**GIVEN DATA**
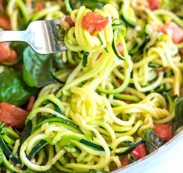 приготовление 8 минут варка 12 минут итого 20 минут Мы влюблены в этот простой рецепт пасты из цуккини. Здесь есть свежие цуккини, помидоры, базилик, пармезан и много чеснока. К тому же, на приготовление уходит всего 20 минут. Приготовьте это блюдо с лапшой из 100% цуккини или замените половину цуккини на обычные спагетти для более сытного блюда. Эту лапшу можно приготовить без сыра пармезан. Замените его вашим любимым сыром, который подходит для вегетарианцев, или используйте пищевые дрожжи. На 4 порции СМОТРИТЕ, КАК МЫ ГОТОВИМ РЕЦЕПТ ВАМ ПОНАДОБЯТСЯ 4 средних цуккини (около 2 фунтов) 3 столовые ложки оливкового масла экстра вирджин 1 столовая ложка измельченного чеснока (3-4 зубчика) 1/4 - 1/2 чайной ложки измельченных хлопьев красного перца, в зависимости от того, насколько острой вы любите пасту 2 средних помидора, нарезанных, см. примечание (около 12 унций) 1/2 чашки измельченного сыра пармезан, плюс больше для подачи, альтернативные варианты см. в примечаниях 1 чашка листьев бази
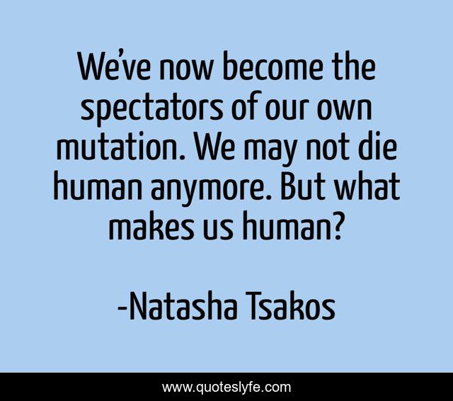 This page presents the quote "We’ve now become the spectators of our own mutation. We may not die human anymore. But what makes us human?". Author of this quote is Natasha Tsakos. This quote is about alive, humanity, mutation, human, advancement,.
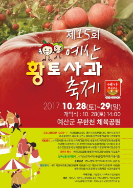 충남 예산지역의 사과를 널리 알리기 위한 제15회 예산황토사과축제가 오는 28일부터 29일까지 2일간 예산군 무한천 체육공원 일대에서 개최된다.

**WHAT NEEDS TO BE DONE**
Could you transcribe the material above exactly, keeping every picture out?

**RESPONSE AREA**
 приготовление 8 минут варка 12 минут итого 20 минут Мы влюблены в этот простой рецепт пасты из цуккини. Здесь есть свежие цуккини, помидоры, базилик, пармезан и много чеснока. К тому же, на приготовление уходит всего 20 минут. Приготовьте это блюдо с лапшой из 100% цуккини или замените половину цуккини на обычные спагетти для более сытного блюда. Эту лапшу можно приготовить без сыра пармезан. Замените его вашим любимым сыром, который подходит для вегетарианцев, или используйте пищевые дрожжи. На 4 порции СМОТРИТЕ, КАК МЫ ГОТОВИМ РЕЦЕПТ ВАМ ПОНАДОБЯТСЯ 4 средних цуккини (около 2 фунтов) 3 столовые ложки оливкового масла экстра вирджин 1 столовая ложка измельченного чеснока (3-4 зубчика) 1/4 - 1/2 чайной ложки измельченных хлопьев красного перца, в зависимости от того, насколько острой вы любите пасту 2 средних помидора, нарезанных, см. примечание (около 12 унций) 1/2 чашки измельченного сыра пармезан, плюс больше для подачи, альтернативные варианты см. в примечаниях 1 чашка листьев бази
 This page presents the quote "We’ve now become the spectators of our own mutation. We may not die human anymore. But what makes us human?". Author of this quote is Natasha Tsakos. This quote is about alive, humanity, mutation, human, advancement,.
 충남 예산지역의 사과를 널리 알리기 위한 제15회 예산황토사과축제가 오는 28일부터 29일까지 2일간 예산군 무한천 체육공원 일대에서 개최된다.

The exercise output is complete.